I have tested it and it works. However I cannot wonder to ask myself if the partial view rendering is done by AJAX request. Do you have any ideea ?
The IsAjaxRequest tells you if the current request was an AJAX request.
And if I want to know if it is a PartialViewRequest ?
There's no such notion as PartialViewRequest in ASP.NET MVC. Controller actions might return a PartialViewResult for example or a normal ViewResult. If you need to know whether the controller action returns a partial view you cannot do this inside the OnActionExecuting method because this method runs before the controller action has ran. You could do it inside the OnActionExecuted method where you could inspect the concrete type of filterContext.Result. For example if (filterContext.Result is PartialViewResult) { ... }.
I recently had to perform a check to see if the request was a partial result and had onexecuting too, it's possible to determine if it's a partialview, by using the action and the controller from the routedata you can see if they match the requested url since the request.url doesn't change when you perform an action that returns a partial view.
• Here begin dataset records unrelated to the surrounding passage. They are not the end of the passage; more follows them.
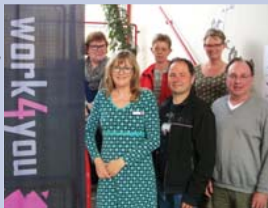
Tilfredse kursister og undervisere
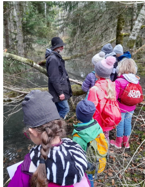
Beobachtung von Spuren des Bibers anlässlich der Kinderexkursion im November in Plaffeien

Auch in diesem Jahr bot Pro Natura Freiburg Nature à la Carte an. Dieses pädagogische Angebot fand von April bis September statt und richtete sich an Schüler im Alter von acht bis zwölf Jahren. Nature à la Carte bietet Schulklassen die Möglichkeit, in die Welt der Fledermäuse und Amphibien einzutauchen. Im Jahr 2021 nahmen 90 Schüler an diesen Exkursionen teil. Sie fanden in der Nähe der jeweiligen Schule statt und wurden von Fachpersonen geleitet. Ein Hinweis an Lehrpersonen: Das Angebot, das 2022 fortgesetzt und in Partnerschaft mit dem Programm Kultur & Schule des Kantons Freiburg realisiert wird, kann direkt über das Pädagogische Portal Kanton Freiburg, Friportail, gebucht werden.
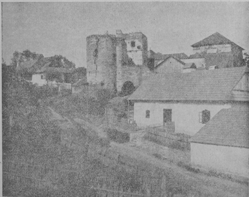
A márkusfalvi ősi Máriássy vár romjai. Ennek jobboldali fedett és restaurált részében volt a legújabb időkig a családi levéltár elhelyezve.

is, meg nem is. Megkérdezte udvari ágensét, az sem tud semmiféle áthelyezésről, de mindez nem számít, mert a katonaságnál bármely órában váratlanul bekövetkezhet valami változás. Annyi bizonyos, hogy a katona nem a maga urá, azt köteles tenni, amit parancsolnak neki és mindenhez hozzá kell szoknia. Mivel a fenti szóbeszédet parancs nem követte, tehát az áthelyezésről szóló hír nem igaz, azonban valahova végre mégis kerülnie kell, mert ideiglenes minőségben örökké itt nem maradhat. 109
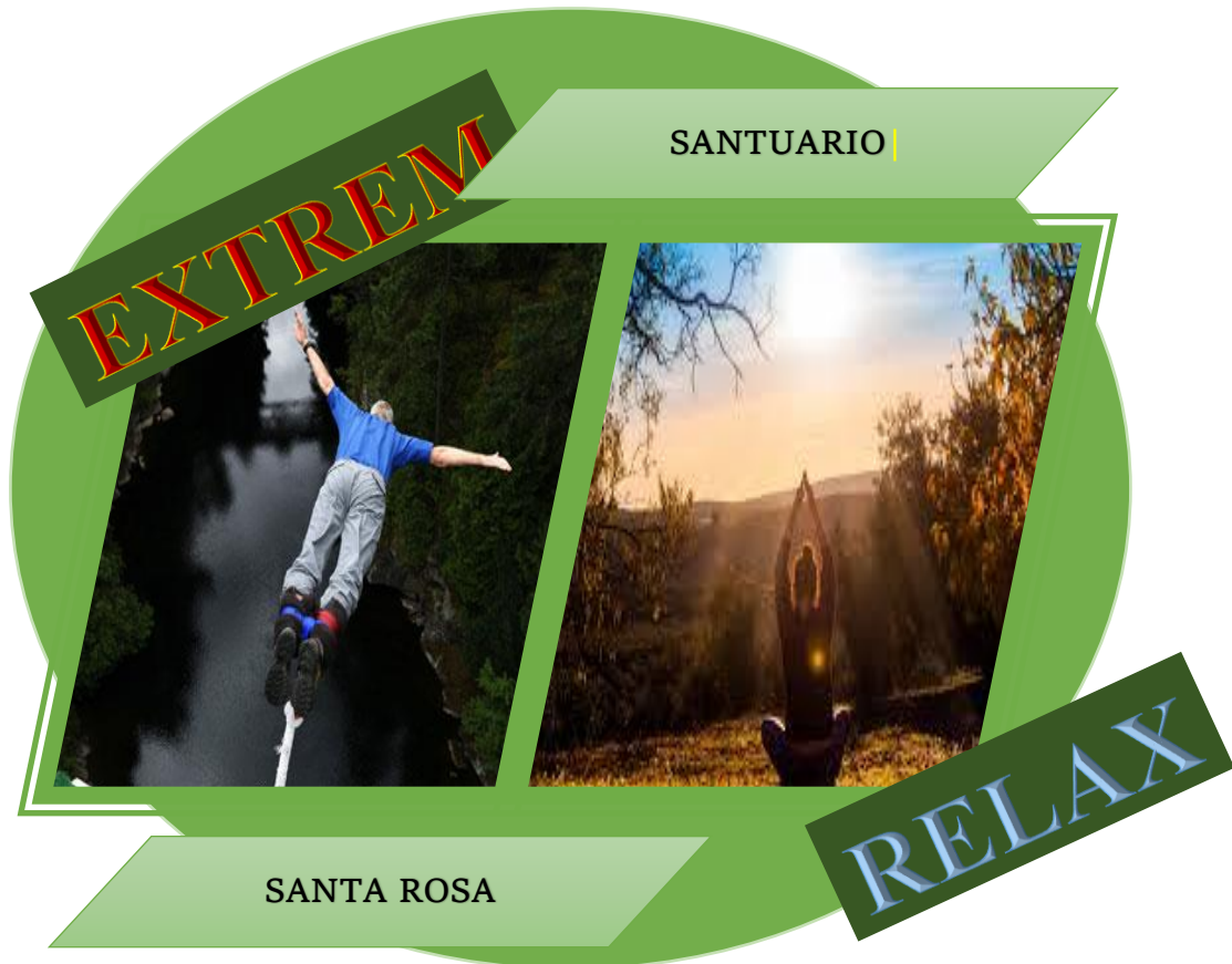
Ilustración 5: Campaña publicitaria

TURISMO RURAL RELAJACIÓN Y ADRENALINA Porque sabemos que te gusta ser extremadamente natural

However you need to take the routing into account, example: using default routing (controller/action(id)) and calling ~/user the index will not show up in the url.
1

You can extend HttpRequestExtensions in asp.net Core 2 as below

public static class HttpRequestExtensions
{
    private const string RequestedWithHeader = "X-Requested-With";
    private const string XmlHttpRequest = "XMLHttpRequest";

    public static bool IsAjaxRequest(this HttpRequest request)
    {
        if (request == null)
        {
            throw new ArgumentNullException("request");
        }

        if (request.Headers != null)
        {
            return request.Headers[RequestedWithHeader] == XmlHttpRequest;
        }

        return false;
    }
}

And use it as

 if (!Request.IsAjaxRequest())
 {
    //----
  }
  else
  {
      // -------
  }

Comments

0

I would create an Authorization filter by extending the AuthorizeAttribute. I would then put my code in the OnAuthorize override. In the FilterContext object you can look at FilterContext.ActionDescriptor.MethodInfo.ReturnType.Name. For a partial view this will be PartialViewResult.